Though the two DVFS-enabled clusters are commoditybased, we argue that they are not high-performance nor balanced. Performance-wise, the two clusters use slow 100-Mb/s Fast Ethernet networks. In contrast, none of the supercomputers on the Top500 list (http://www.top500.org) use Fast Ethernet, but nearly half of them use Gigabit Ethernet. More importantly, using fast processors but a slow network creates an imbalanced machine that allows the processor frequency to be lowered further than a balanced machine for the same level of performance impact, thus leading to noticeably more power and energy reduction than one would realize in a more balanced, high-performance cluster. Therefore, we use a 16-processor Opteron-based Beowulf cluster, interconnected by Gigabit Ethernet, to present a feasibility study on the power-efficient benefits that the DVFS mechanism can deliver.

# 3. CAFfeine: A DVFS-Enabled Opteron Cluster

This section presents technical details about our DVFS-enabled Opteron cluster dubbed *CAFfeine*. Specifically, we discuss both its commodity and high-performance attributes.

#### 3.1. Commodity-Based CAFfeine

Currently, CAFfeine is configured as a 4-node, 16processor cluster connected via a Gigabit-Ethernet (GbE) network. Each node is a Celestica 4U rack-mountable quad-Opteron server A8440, as shown in Figure 2. Inside each node, there are sixteen memory slots, four in front of each processor to enable low-latency access. The current configuration has two 512-MB registered ECC DDR-333 SDRAM memory modules for each Opteron processor. In terms of storage, four hot-swap SCSI drive bays are available, and CAFfeine currently has one 73GB hard disk for each node along with one DVD-ROM drive and one floppy drive. In addition to up to three hot-swap 500W power supplies with 2+1 redundancy, each A8440 has an ATI Rage XL VGA adapter, two 133MHz PCI-X slots, and two 66MHz PCI slots, all 64 bits, plus three rear-mounted Ethernet ports. Figure 3 shows a block diagram of the A8440.

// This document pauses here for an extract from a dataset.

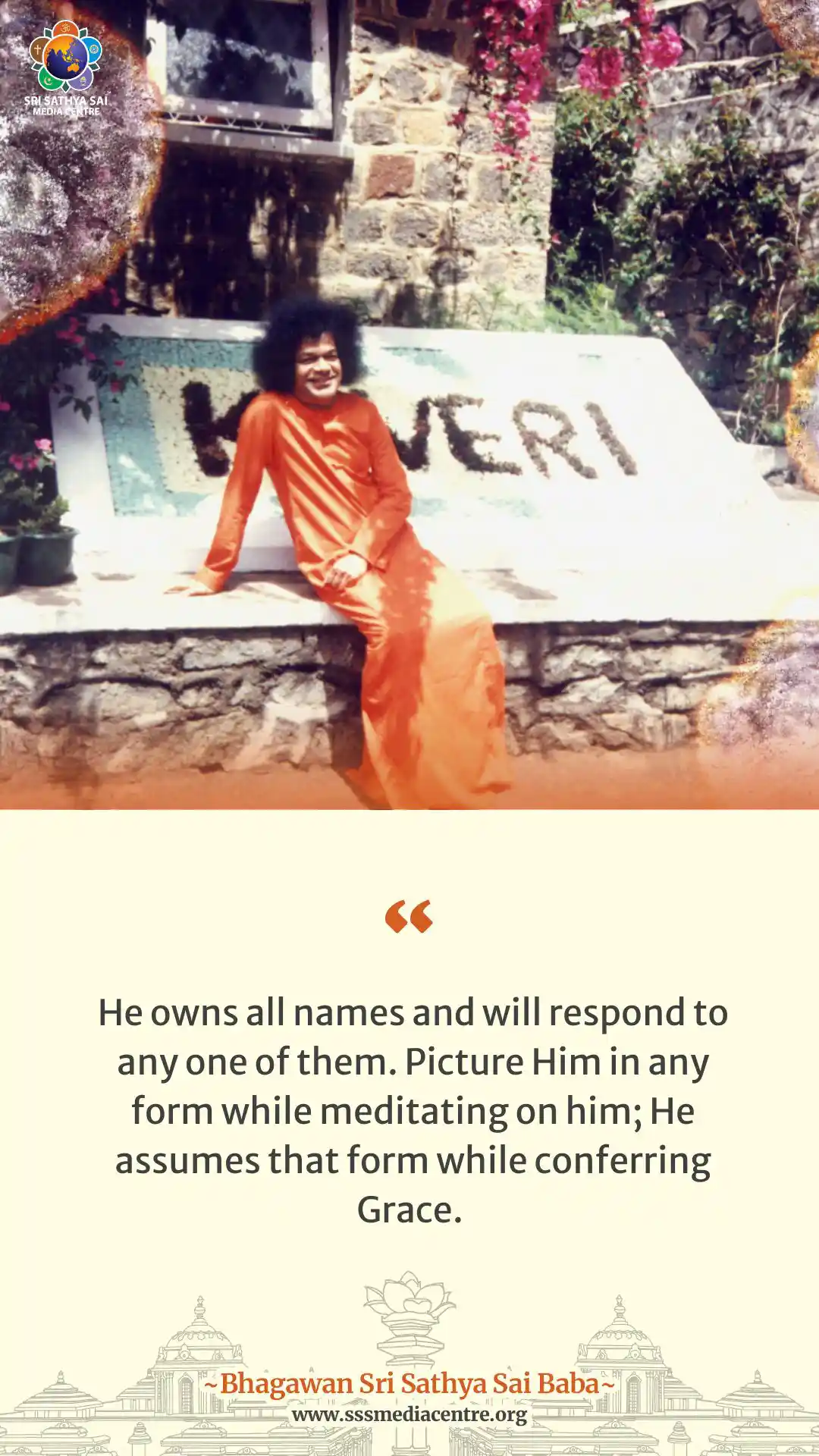 A person who claims to have gone to the seashore and played with the waves must produce, as evidence, at least a pair of wet feet, isn’t it? So too, when you come to this sea of Satsanga (the company of the pious) and share the waves of bliss, the proof is in the eye becoming wet with weeping; in the heart that exults when another is happy. Even when you listen, gather the honey as the bee does when it visits the flowers. It was said that the world is becoming Sai-mayam (full of Sai), with the Sai-namam (name of Sai) on everyone’s lips. I want it to go deeper. I also don’t insist that it should be the name “Sai”. The world must become Paramatma-mayam (full of the Supreme), with any of the many names and forms of the Supreme on the lips of people and before their minds! It’s the same substance poured into different moulds. Like sugar dolls that children seek, cats, dogs, cows and horses, all are of the self-same sweetness; one child prefers this shape and this name; another one weeps for another doll! The same Divine being appears in different times and places, assuming different Names.

Each processor in CAFfeine is an Opteron 846 processor that can run between 800MHz and 2000MHz in steps of 200MHz. The processor contains a 1MB same-speed onchip L2 cache, and, unlike Intel processors, a memory controller is also built-in on the chip. Opterons in the A8440 are interconnected with coherent HyperTransport links running at 800MHz for fast I/O access. Each Opteron 846 is



Figure 2. Celestica A8440.

| f (GHz)         | 2.0 | 1.8 | 1.6 | 1.4 | 1.2 | 1.0 | 0.8 |
|-----------------|-----|-----|-----|-----|-----|-----|-----|
| $V(\mathbf{V})$ | 1.5 | 1.4 | 1.3 | 1.2 | 1.1 | 1.0 | 0.9 |

## Table 1. Valid Frequency-Voltage Combinations in CAFfeine.

fabricated using 13- $\mu$ m SOI process and consumes no more than 89W. With respect to valid frequency-voltage combinations needed in a DVFS-enabled processor, AMD has not yet published any documentation on this yet. We experimentally set the combinations as in Table 1. Hence, our DVFS-enabled CAFfeine cluster has seven different powerperformance combinations.

With respect to software, CAFfeine runs on the Linux 2.6.7 operating system. All the benchmark codes mentioned in this paper are compiled using GNU compilers 3.3.3. For DVFS, the change between different frequency-voltage combinations is performed through the cpufreq interface provided by the powernow-k8 kernel module distributed along with Linux 2.6.7 kernel.

The cpufreq interface allows system software to set a desired CPU clock frequency by writing the frequency value (in terms of megahertz) to a particular /sys file. However, not all the CPU frequencies are directly supported by a DVFS-enabled processor due to hardware constraints. The information about which CPU frequency is supported is stored in the powernow-k8 kernel module in a tabular form similar to Table 1, as is the selection scheme when the desired frequency is not supported.

#### 3.2. High-Performance CAFfeine

CAFfeine is also high performance with respect to the two existing DVFS-enabled clusters mentioned in Sec-



Figure 3. The Block Diagram of Celestica A8440.

tion 2. Figure 4 shows a performance comparison of running NAS MPI benchmarks on the Opteron-based CAF-feine versus the Athlon64-based cluster [4, 5]. The comparison is made using NAS MPI benchmarks in terms of the total execution time on two different workload classes B and C. (Class C represents a larger workload as well as a larger memory footprint.) The execution times on the Athlon64-based cluster was derived from the figures in [4, 5]. From this figure, we clearly see that CAF-feine performs better than this Athlon64-based cluster for the same cluster size. Since both clusters have processors of the same speed, i.e., 2GHz, we attribute the higher

performance of CAFfeine to a larger L2 cache (1MB versus 512KB), faster network (Gigabit Ethernet versus Fast Ethernet), and SMP-based architecture.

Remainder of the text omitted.